Minister of Royal Court
- In office 7 September 1978 – 11 February 1979
- Preceded by: Amir-Abbas Hoveyda

Member of Regency Council
- In office 13 January 1979 – 22 January 1979
- Appointed by: Mohammad Reza Pahlavi

Personal details
- Born: 25 January 1900 Tehran, Sublime State of Iran
- Died: 2 August 1986 (aged 86)

= Aligholi Ardalan =

Iranian diplomat (1900–1986)

Aligholi Ardalan (علیقلی اردلان; also Romanized as Aliqoli Ardalan; 25 January 1900 – 2 August 1986) was one of the leading Iranian diplomats of his generation. He served as the minister of industry, the cabinet minister for foreign affairs and as ambassador to the United States, the Soviet Union, and West Germany. He was also managing director of the National Iranian Oil Company for Southern Iran.

==Biography==
Ardalan was born in Tehran on 25 January 1900. From 1924 to 1927 he served as deputy of the Iranian embassy in Berlin. He received a Doctorate from Frederick Wilhelm University, Berlin (now Humboldt University of Berlin) having written his thesis on the 'Position of Iranians in the world economy' (dated 23 November 1929) in impeccable German. He joined the Iranian Ministry of Foreign Affairs at the age of 30, and became political officer at the Iranian Embassy in Washington DC. From 14 May 1958 to 16 March 1960 he functioned as ambassador to the United States. Then he was appointed Iran's ambassador to the Soviet Union.
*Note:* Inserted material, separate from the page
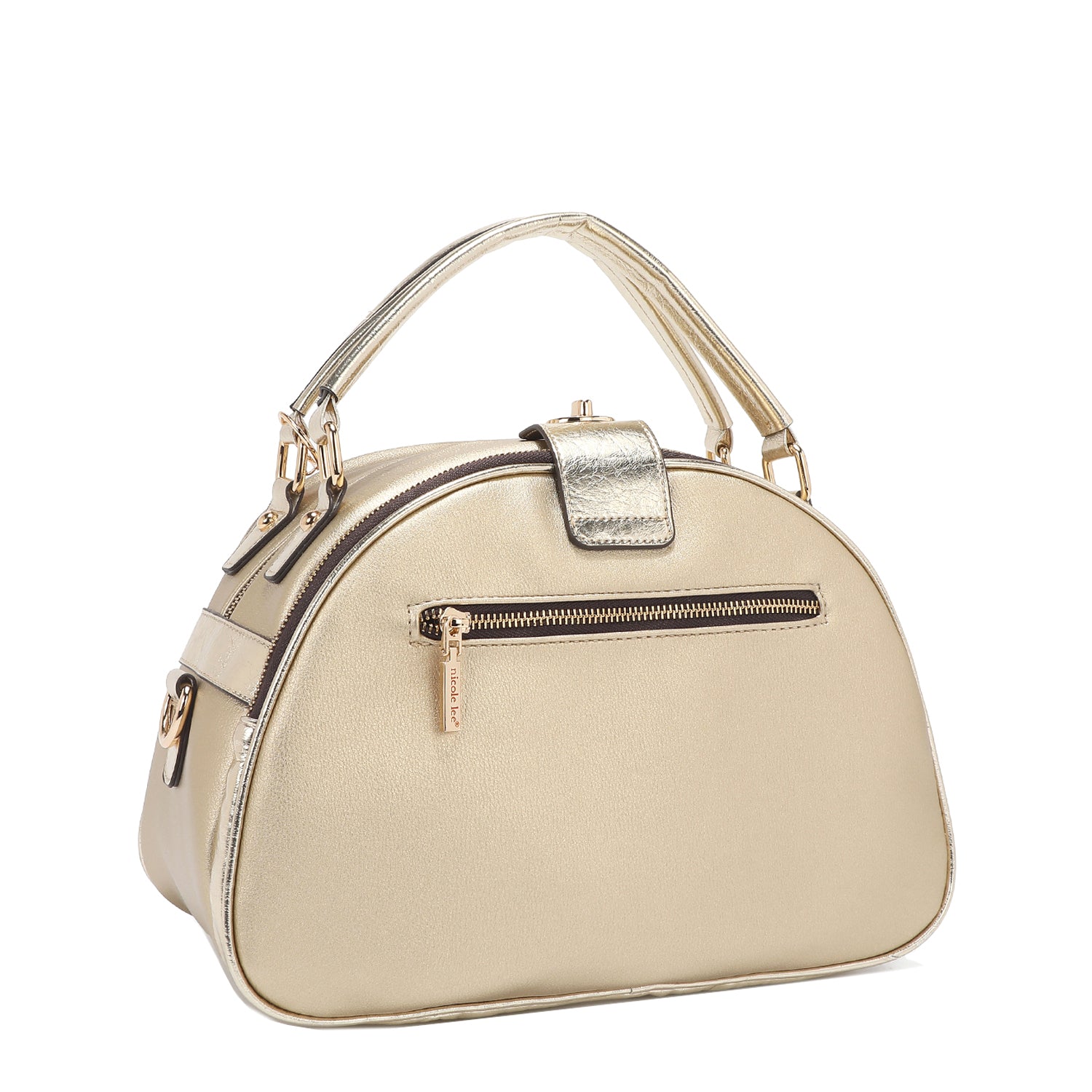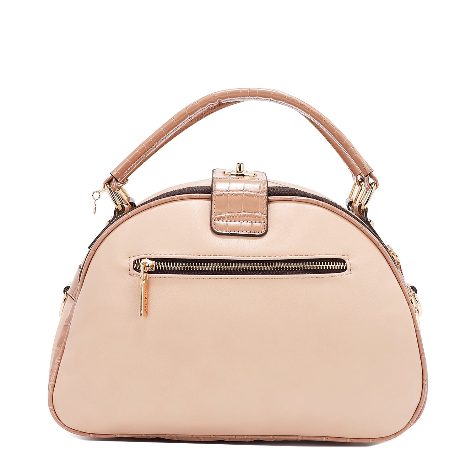 The Calista dome-shaped satchel exudes effortless style with its sculpted form and bold buckle strap details. Designed for versatility, it seamlessly transitions from day to night while adding a structured, fashion-forward edge to any look. It also features an extra zip compartment on the back with a secure twist-lock flap closure, keeping your most-used items easily reachable yet secure.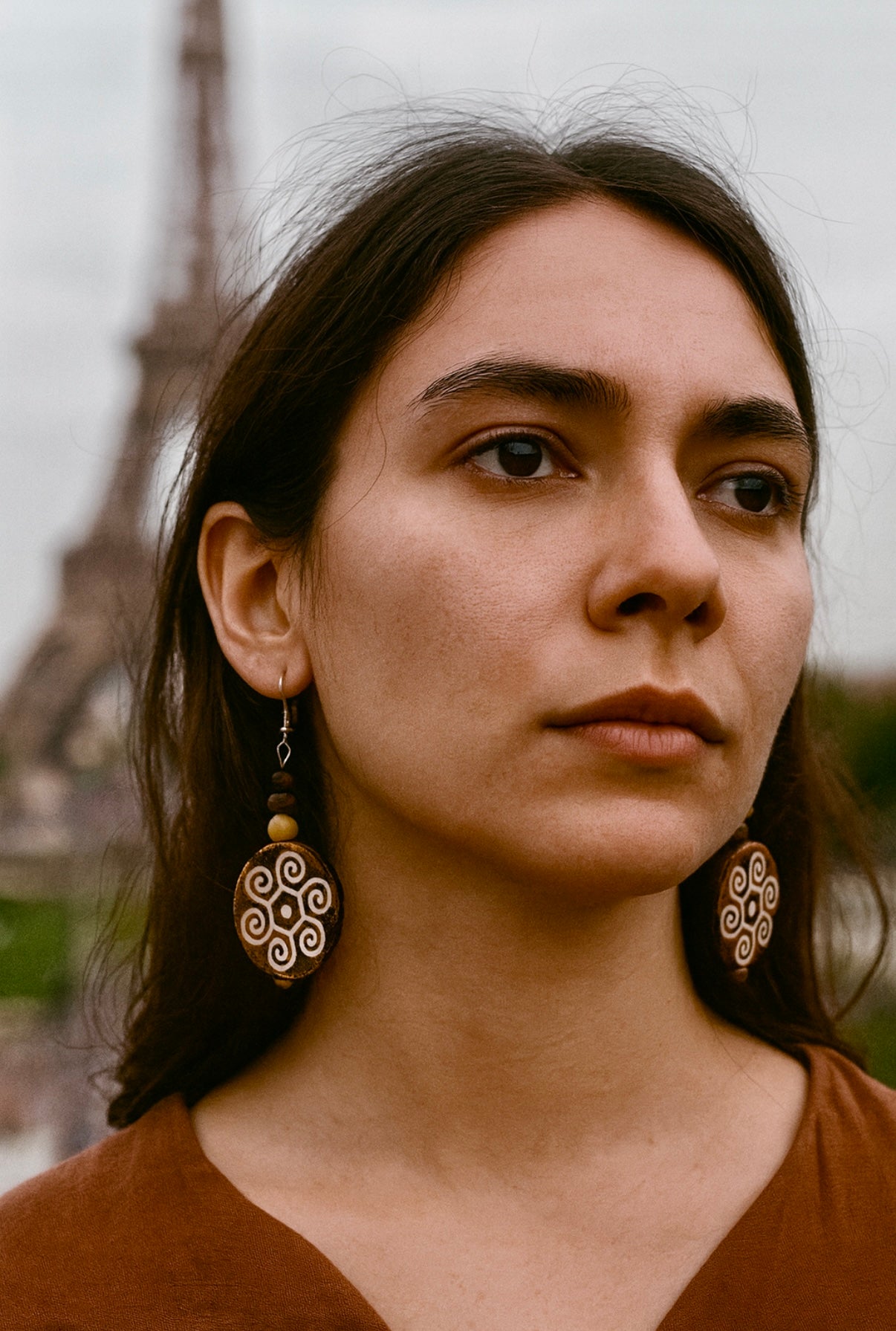 Inspired by the Akan people of Ghana, these earrings feature the Adinkra spiral symbol – representing life’s journey, resilience & growth. Handcrafted with earthy beads and natural carved pendants, they’re bold, lightweight, and full of meaning.

Ardalan was the only Iranian diplomat during the Cold War who served at the United Nations, Washington and Moscow during his tenure as diplomat. He was fluent in German, French, English, Kurdish and Persian.

==Personal life ==
In 1939, Ardalan married Mehri Esfandiary, granddaughter of Haj Mohtasham Saltaneh Esfandiari, President of the Majles for many years. They had two sons: Manoutchehr and Cyrus.